Instructions to follow:
Starting with the line that holds "Later, a representative" and stopping after the line that holds "Đến thăm hỏi, động", repeat the lines below word for word, without the pictures.

Material for this task:
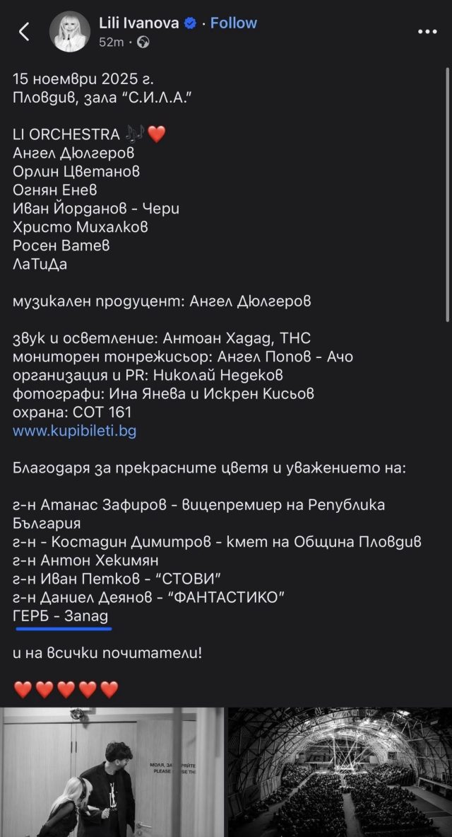 След чудния си концерт в Пловдив, Лили Иванова благодари на кмета Димитров и ГЕРБ – Запад
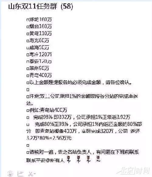 聊天截图还列出任务量完成度对应的返还现金的比例,完成任务额越少返现比例越小。天猫家装e站济南站一位财务人员称,2016年11月11日,他们实际签了一单,成交额是86000元。 “关于近期拍单是为了把名品包销售额提前往线上导,目的很明确,我们要完成3亿的交易量获得更多的流量。”一份聊天记录截图明确说明了拍单的四个阶段,提出要在11月10日统计每个拍单旺旺号第四阶段所需金额,提前在支付宝留够余额,从而在11月11日0点0分至0点30分之间迅速做到2亿以上的交易额,这意味着几十倍几百倍流量的增加。
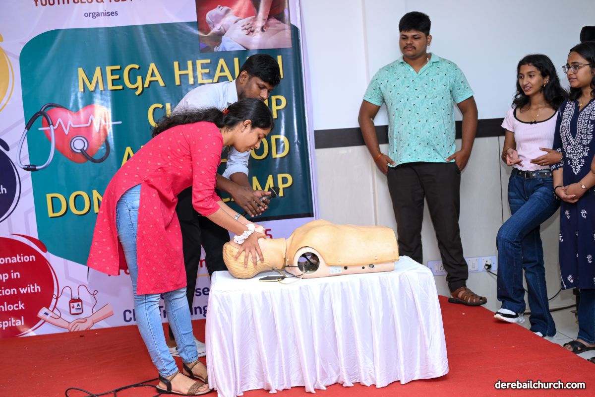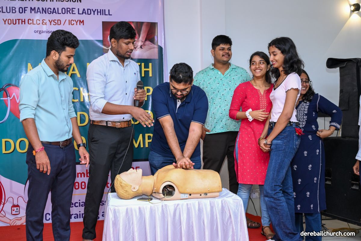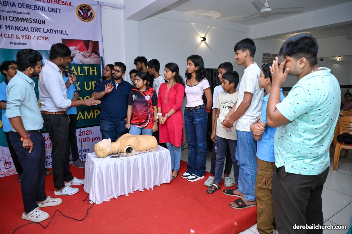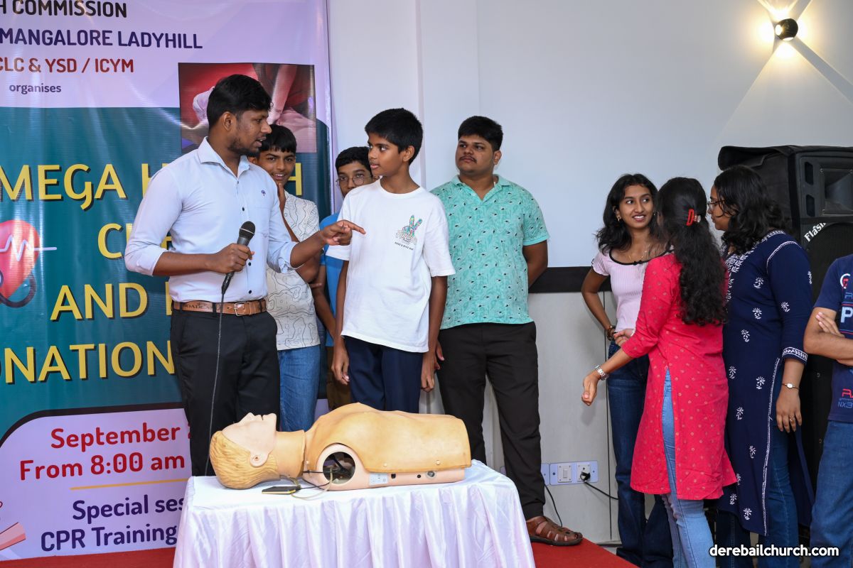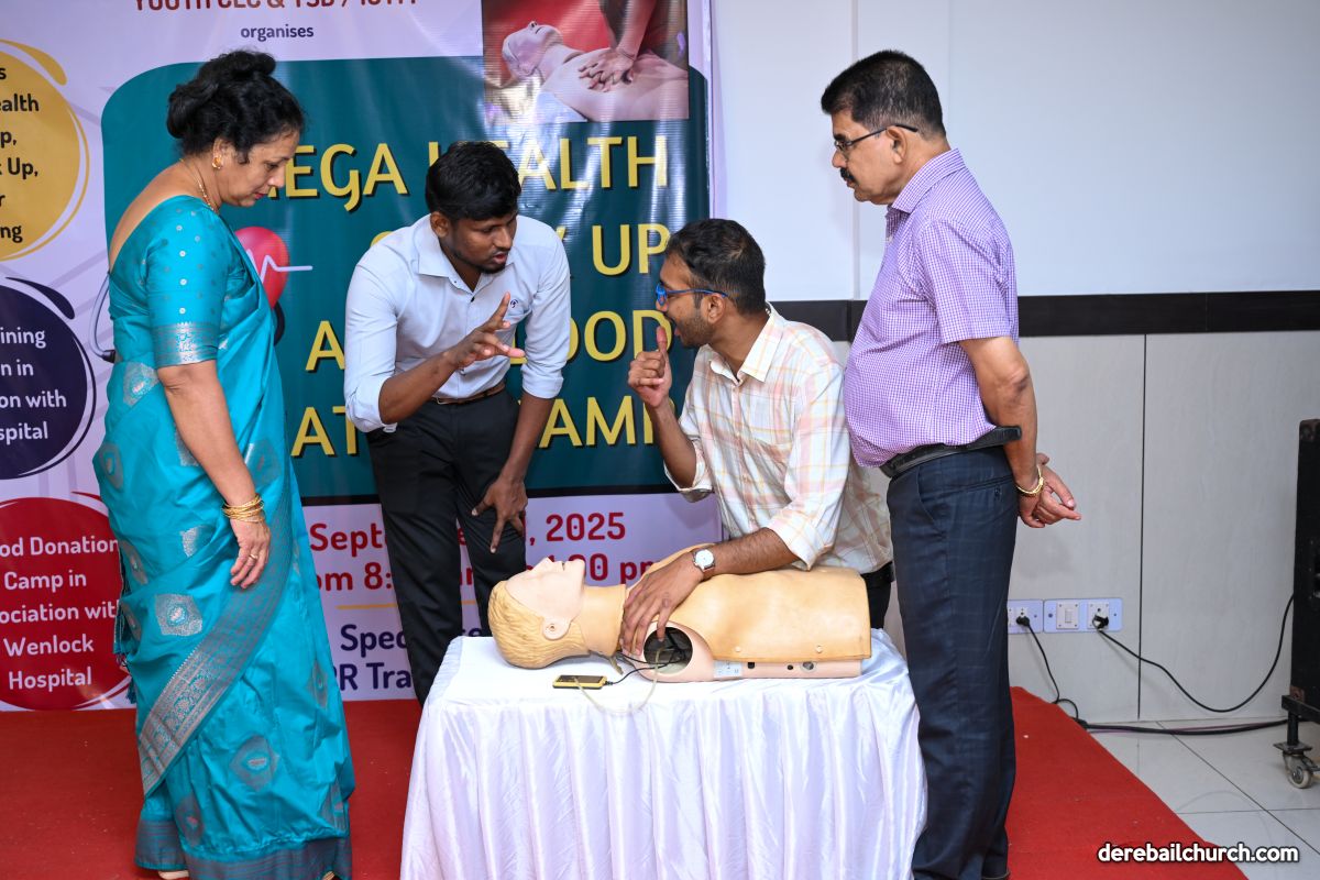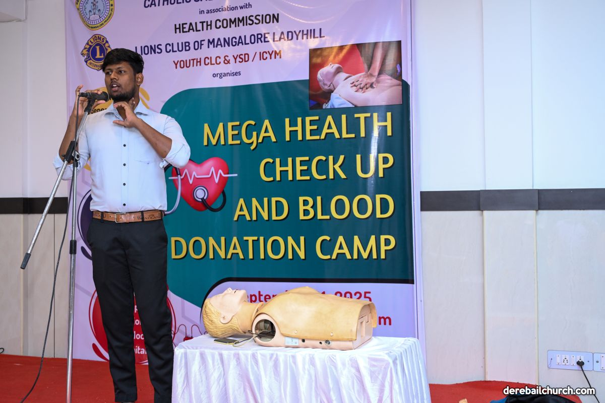 Later, a representative of AJ hospital Mr.Preetham Vas, spoke about various facilities and health schemes available at the hospital. He also appreciated the efforts put up by the organising committee in conducting the camp. This was followed by a demonstrative session on CPR (cardio pulmonary resuscitation) conducted by the casualty team of AJ hospital. Many parishioners participated in the training, especially the youth took keen interest in learning the details of this life saving procedure in emergency situations.
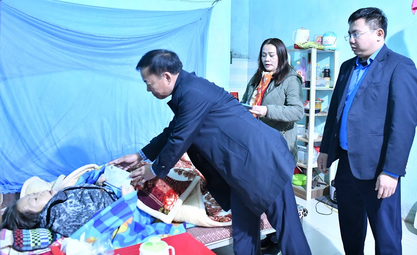 Đến thăm hỏi, động viên bệnh nhân mắc bệnh thận có hoàn cảnh khó khăn đang sinh sống tại “Xóm chạy thận” xã Nghi Phú, thành phố Vinh, tỉnh Nghệ An, ông Trần Kim Lộc chúc các bệnh nhân đón Tết an lành và luôn lạc quan để chiến thắng bệnh tật.
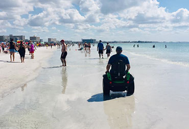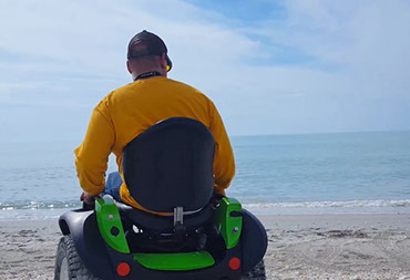 It comes in a standard set up that fits through standard doorways and will take you most places, but by changing to the additional Off-Road-Kit, you can go almost anywhere - tackling soft sand, gravel, and rough terrains and inclines within minimal impact on the flora delicate surfaces.
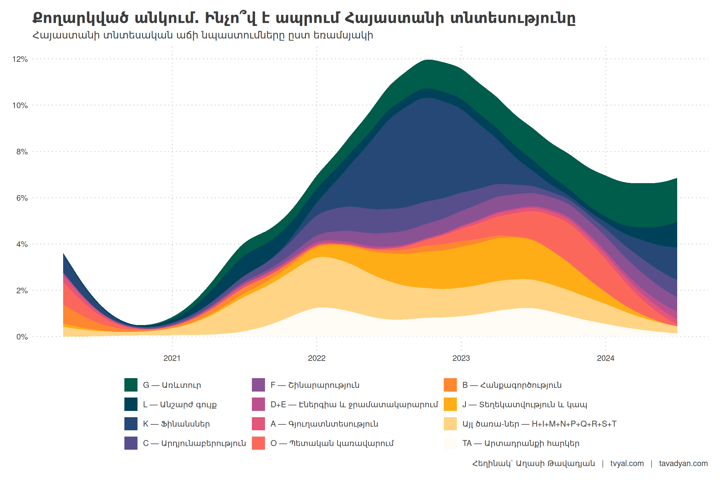 - Growth is mainly driven by trade, real estate, and financial services, which are dependent on external factors (more: ๐ ๐๐ Beyond the Border: Armenia’s Tourist Surge and Potential Decline).

Solution for this task:
 Later, a representative of AJ hospital Mr.Preetham Vas, spoke about various facilities and health schemes available at the hospital. He also appreciated the efforts put up by the organising committee in conducting the camp. This was followed by a demonstrative session on CPR (cardio pulmonary resuscitation) conducted by the casualty team of AJ hospital. Many parishioners participated in the training, especially the youth took keen interest in learning the details of this life saving procedure in emergency situations.
 Đến thăm hỏi, động viên bệnh nhân mắc bệnh thận có hoàn cảnh khó khăn đang sinh sống tại “Xóm chạy thận” xã Nghi Phú, thành phố Vinh, tỉnh Nghệ An, ông Trần Kim Lộc chúc các bệnh nhân đón Tết an lành và luôn lạc quan để chiến thắng bệnh tật.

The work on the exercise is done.